From Pakistan’s point of view, the fence is important to regulate movement of people on both sides of the border, just like any land borders anywhere. Fence is important to stop the unchecked movement of terrorist elements on both sides. Fence-erection remained central in Pakistan’s reply to the ubiquitous chorus of ‘do more’ by the US/NATO. And fence has considerably reduced smuggling under the Afghan-Pakistan Transit Trade Agreement.

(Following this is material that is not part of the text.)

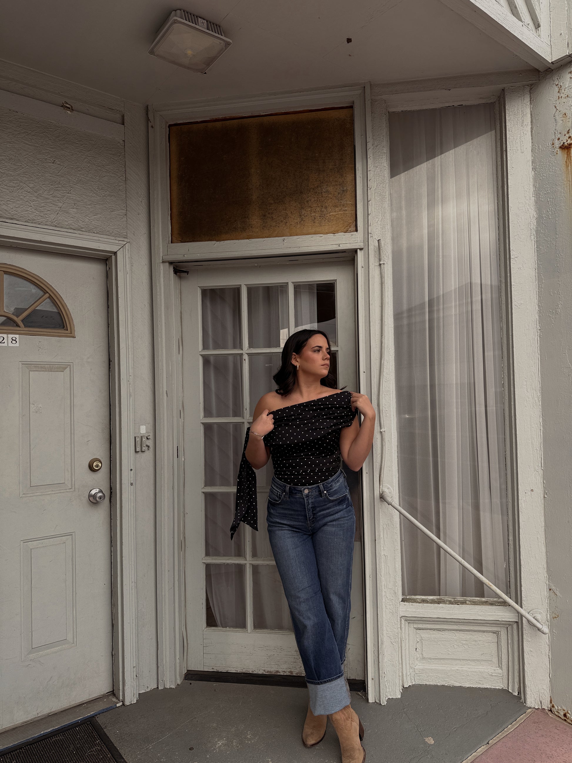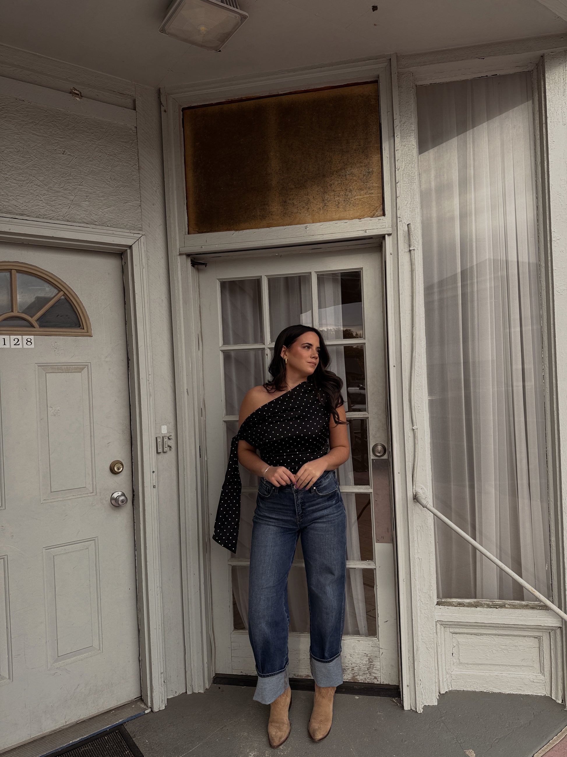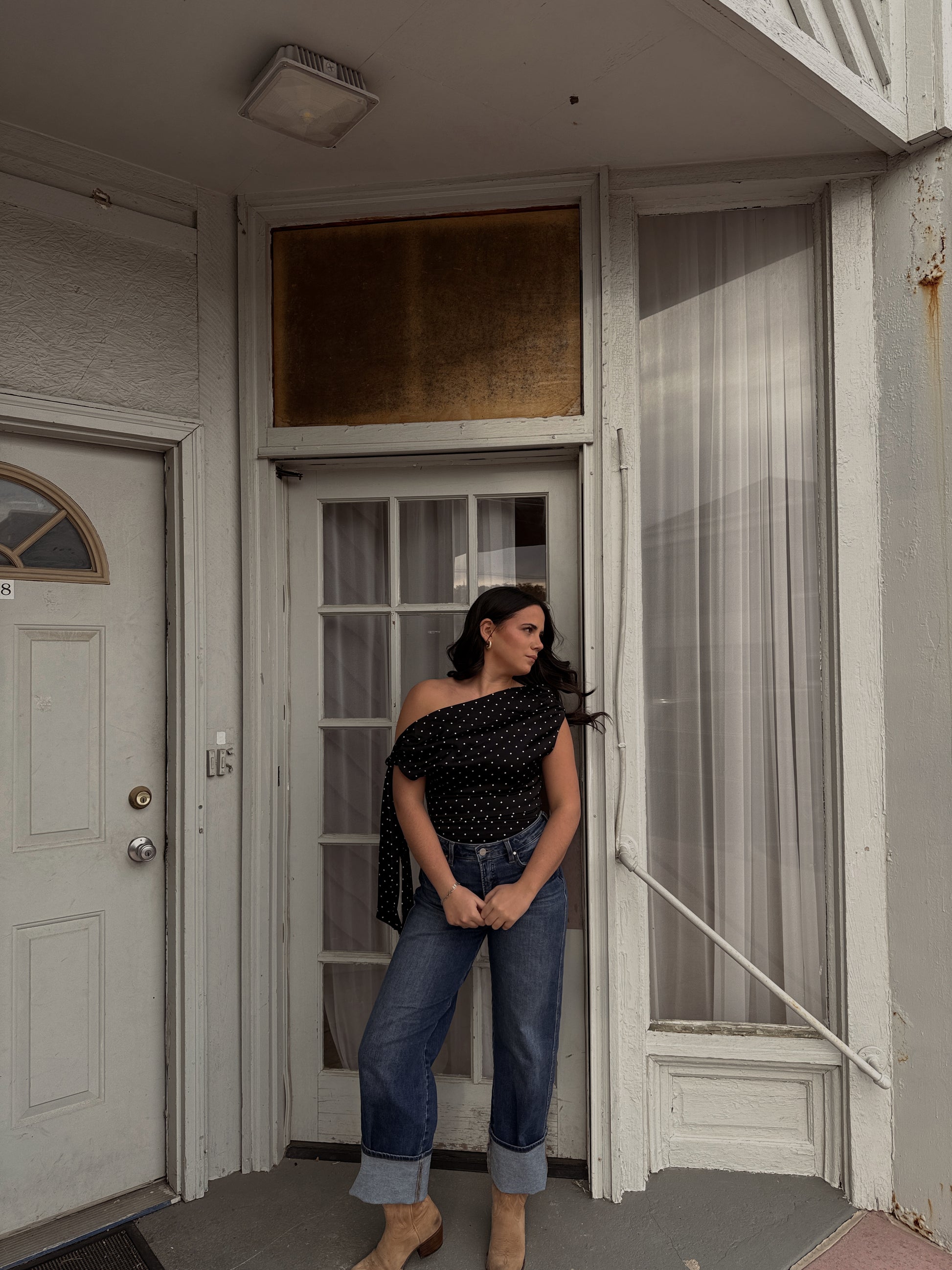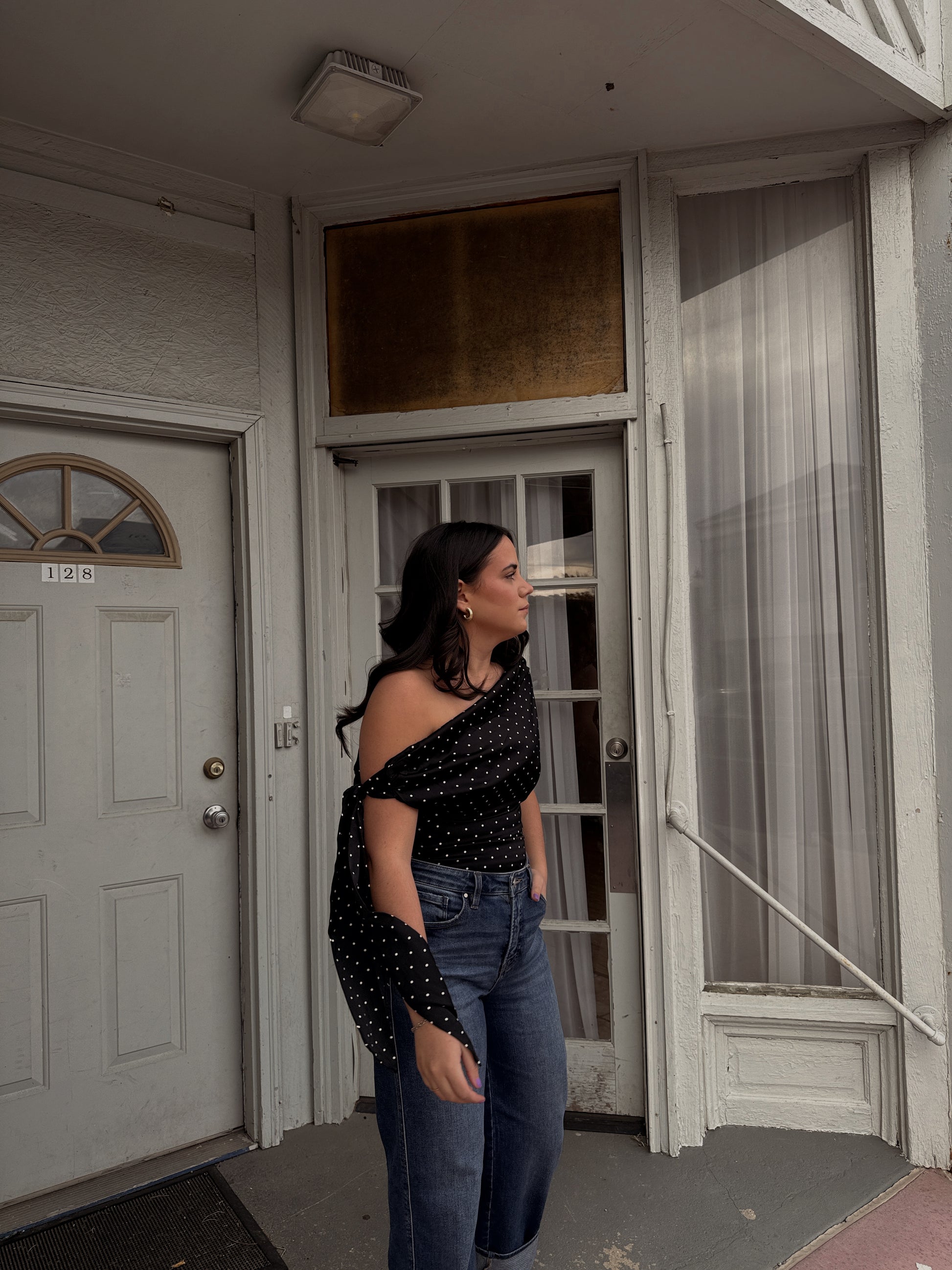 Expertly crafted for ultimate elegance, our Starry Night Blouse features a chic one shoulder design and luxurious silky black fabric. Adorned with delicate white polka dots for a touch of charm, this blouse is finished with a convenient side zipper for easy wear. Elevate your wardrobe with this timeless piece.

As of 31 December, “Both sides have reached an understanding not to escalate the situation,” and “Afghan side was requested to coordinate border alignment before fixing the fence,” as per a Pakistani official. The acting Afghan defence minister, Mullah Yaqub, son of Mullah Omar, directed local Taliban commanders to avoid a repeat, during visit to the area.

Historically, the ‘Durand Line’ was a “mutually agreed border” between two sovereign countries, after some “procrastination” by Amir Abdurrehman, who called the work of the Durand Commission “a thing which must take place, but at the proper time.” Durand traveled to Afghanistan with no escort, and was received at Landi Khana (near Landi Kotal) by none other than Ghulam Haidar Charkhi, the Afghan Army Commander-in-Chief, in October 1893. In Kabul, the British party was given a 21-gun salute with a band playing “God save the Queen”.

Since Amir was capturing territories from Russia and British India in North-East and South-East respectively that once belonged to Afghanistan, both these governments pressed for boundary demarcation. Amir’s ‘procrastination’ was motivated by more land grab before formal agreements.

Internally, Durand’s primary goal was to “acquaint the Amir” about the Russian threat through a weakened Afghanistan, then a “gateway” to British India, the “crown-jewel”. The Amir received a subsidy of Rs12 lakh from the British government. The Russians, on the other hand, aimed to elicit British pressure on Amir to retreat from territories (in Badakhshan) that bordered Czarist Russia.

The Amir, on the other hand — fearful of territorial loss to British India — desired to “have a wall around his country”. However, during negotiations, he lost almost all territorial claims to the Commission except Kafiristan; given to Afghanistan being “miserably poor”, strategically difficult in location and governance. Amir accepted, as he intended to convert Kafirs for domestic political gains. The Amir was also made to hold Wakhan Corridor in return for Rs6 lakh, additional to his subsidy.

Without going into details; the wily British were able to enact a most favourable agreement for British India, to create an ‘Afghan buffer’ that avoided direct border and conflict with a stronger Russia. But the fact remains that the Amir signed the Agreement of his free will on 12 November 1893 and ratified it the very next day in a public Durbar of some 400 Afghan nobles and notables.

Physical demarcation of the Line drawn on a questionable map started in February 1894 by three joint Afghan-British parties. Demarcation was widely resisted in Waziristan and elsewhere, as both sides had no ‘geographer’ available during negotiations to assess the Boundary’s demographic and ethnolinguistic accuracy and implications. However, the Afghan desire, if any, to revisit the 128 years’ old status quo is not tenable under international law; as 50 nations during Afghan occupation (2001-2021) treated Durand Line as an international border.

For Pakistan, remaining sensitive to the Afghan predicament and focusing on the larger geo-strategic advantage that the IEA ascent to power brings to Pakistan are important. Larger opportunities should never be squandered by petty, emotive and smaller issues. Local spoilers, as identified, should be effectively neutralised. A joint Pak-Afghan Border Commission should mutually decide any difference of opinion over local demarcation, ‘if inevitable’. There are many who would like to impose a failure on the IEA, sow instability, suck Pakistan in and continue fishing in the troubled waters. IEA also needs to beware, assert itself and restrain its unwitting rank and file.

Pakistan should stay the course affably with Afghanistan, even if the fence has ‘seemingly’ lost its significance and purpose in an emerging and altered geo-strategic construct. Tajik-dominated ANSF is dissolved, Pashtun-dominated IEA is a reality. Debate to continue.

Published in The Express Tribune, January 6th, 2022.